== Data section ==
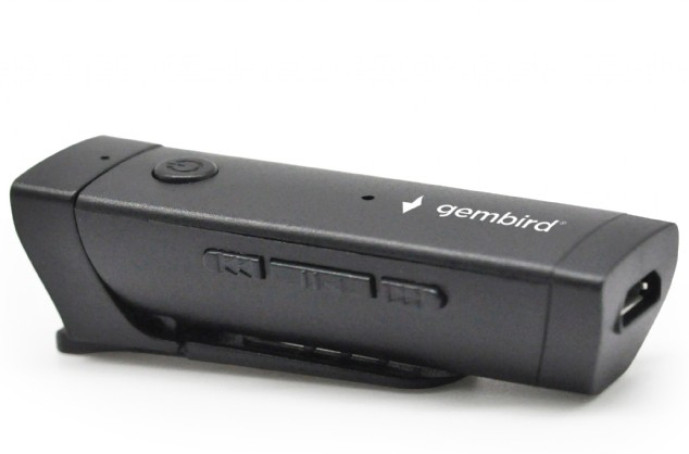 Gembird BTR-05. Interfaz de host: 3,5 mm, Distancia de transmisión: 10 m, Alcance de frecuencia: 2,4 - 2,4835 GHz. Fuente de energía: Batería. Tecnología de batería: Polímero de litio, Capacidad de batería: 50 mAh, Tiempo de carga: 1,5 h. Cables incluidos: USB
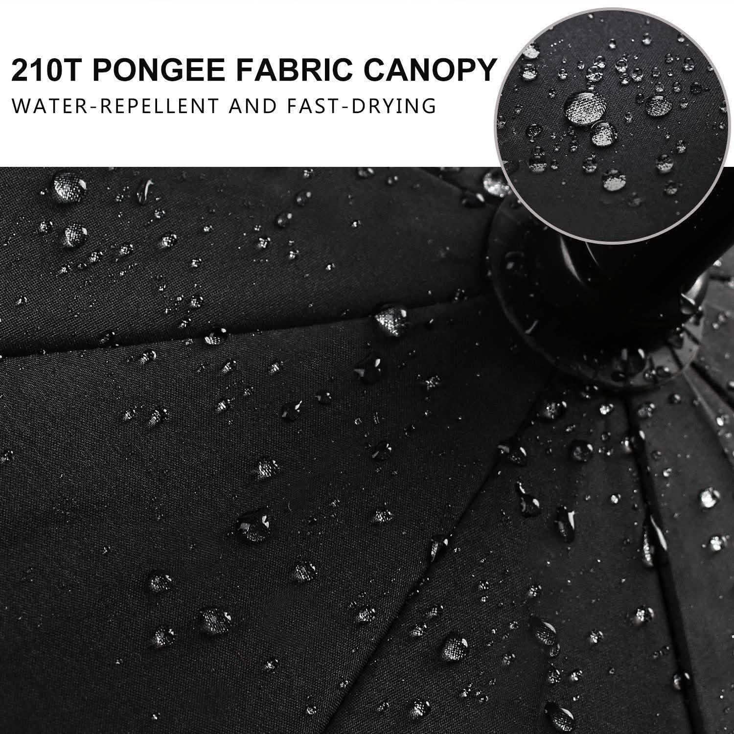 - Waterproof, Sun proof & Durable The umbrella cloth is 210T Pongee, which is proved to be more durable and waterproof, more importantly, it can be quickly dried off. So it's quite remarkable and very effective. In addition, it is coated with a layer of high-tech black glue which no doubt serves to block 99 % UV rays.
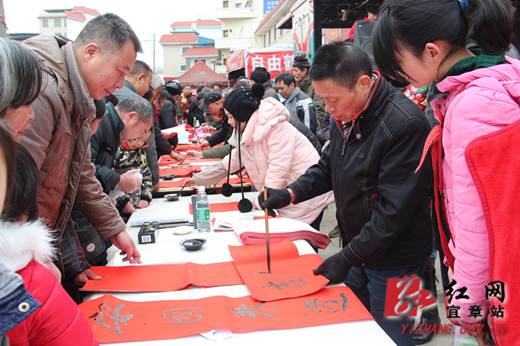 红网宜章站1月28日讯(分站记者 李茁 李明华)“今天我领了3副春联,书写的春联比买的好看多了,太感谢他们了。”宜章岩泉镇居民李新莲笑着说。1月26日,宜章县委宣传部、县文联、县文体广新局联合举行“文化进万家·送福送春联”活动,营造了一种祥和愉悦的节日氛围。此次活动首站来到宜章县岩泉镇集市,活动现场人潮涌动,翰墨飘香,来自宜章县书画协会10余名书法家挥毫泼墨,免费为群众书写春联,一句句吉祥如意的春联,为即将来临的春节增添了浓浓的喜庆氛围,当天共送出春联1000余副,深受群众喜爱。同时,莽山艺术团有限公司文艺工作者为群众送上了一台精彩的文艺表演,演出的节目贴近群众生活,精彩的舞蹈《金猴闹春》、花鼓表演唱《婆媳贤》、快板小品《四老倌批邪教》等10余个节目赢得了广大群众的阵阵喝彩。新华书店工作人员还搭设了临时书篷,为当地群众送书阅读。

== Your goal ==
Exclude every picture and restate the listing word for word.

== Written reply ==
 Gembird BTR-05. Interfaz de host: 3,5 mm, Distancia de transmisión: 10 m, Alcance de frecuencia: 2,4 - 2,4835 GHz. Fuente de energía: Batería. Tecnología de batería: Polímero de litio, Capacidad de batería: 50 mAh, Tiempo de carga: 1,5 h. Cables incluidos: USB
 - Waterproof, Sun proof & Durable The umbrella cloth is 210T Pongee, which is proved to be more durable and waterproof, more importantly, it can be quickly dried off. So it's quite remarkable and very effective. In addition, it is coated with a layer of high-tech black glue which no doubt serves to block 99 % UV rays.
 红网宜章站1月28日讯(分站记者 李茁 李明华)“今天我领了3副春联,书写的春联比买的好看多了,太感谢他们了。”宜章岩泉镇居民李新莲笑着说。1月26日,宜章县委宣传部、县文联、县文体广新局联合举行“文化进万家·送福送春联”活动,营造了一种祥和愉悦的节日氛围。此次活动首站来到宜章县岩泉镇集市,活动现场人潮涌动,翰墨飘香,来自宜章县书画协会10余名书法家挥毫泼墨,免费为群众书写春联,一句句吉祥如意的春联,为即将来临的春节增添了浓浓的喜庆氛围,当天共送出春联1000余副,深受群众喜爱。同时,莽山艺术团有限公司文艺工作者为群众送上了一台精彩的文艺表演,演出的节目贴近群众生活,精彩的舞蹈《金猴闹春》、花鼓表演唱《婆媳贤》、快板小品《四老倌批邪教》等10余个节目赢得了广大群众的阵阵喝彩。新华书店工作人员还搭设了临时书篷,为当地群众送书阅读。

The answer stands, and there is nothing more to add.